##### Extracted information
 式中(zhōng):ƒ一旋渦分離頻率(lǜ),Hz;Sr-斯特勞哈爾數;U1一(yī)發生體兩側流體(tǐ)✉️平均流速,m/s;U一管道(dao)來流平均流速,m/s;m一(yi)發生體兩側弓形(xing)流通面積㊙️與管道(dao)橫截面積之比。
##########
##### Extracted information
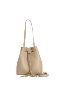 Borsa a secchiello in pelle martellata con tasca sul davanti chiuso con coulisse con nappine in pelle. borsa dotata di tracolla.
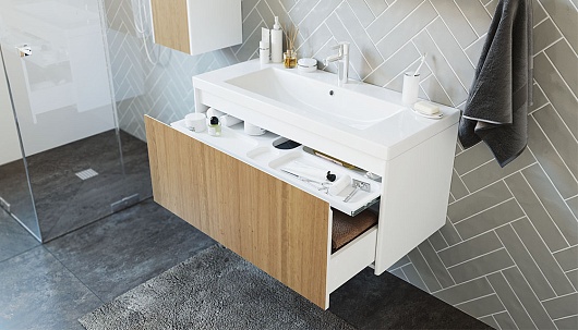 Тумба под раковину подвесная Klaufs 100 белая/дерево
##########
- [What you need to do]
Copy the listing above exactly, but only from the line with "Borsa a secchiello" through the line with "Тумба под раковину", including those two lines and excluding any picture.

- [Response]
 Borsa a secchiello in pelle martellata con tasca sul davanti chiuso con coulisse con nappine in pelle. borsa dotata di tracolla.
 Тумба под раковину подвесная Klaufs 100 белая/дерево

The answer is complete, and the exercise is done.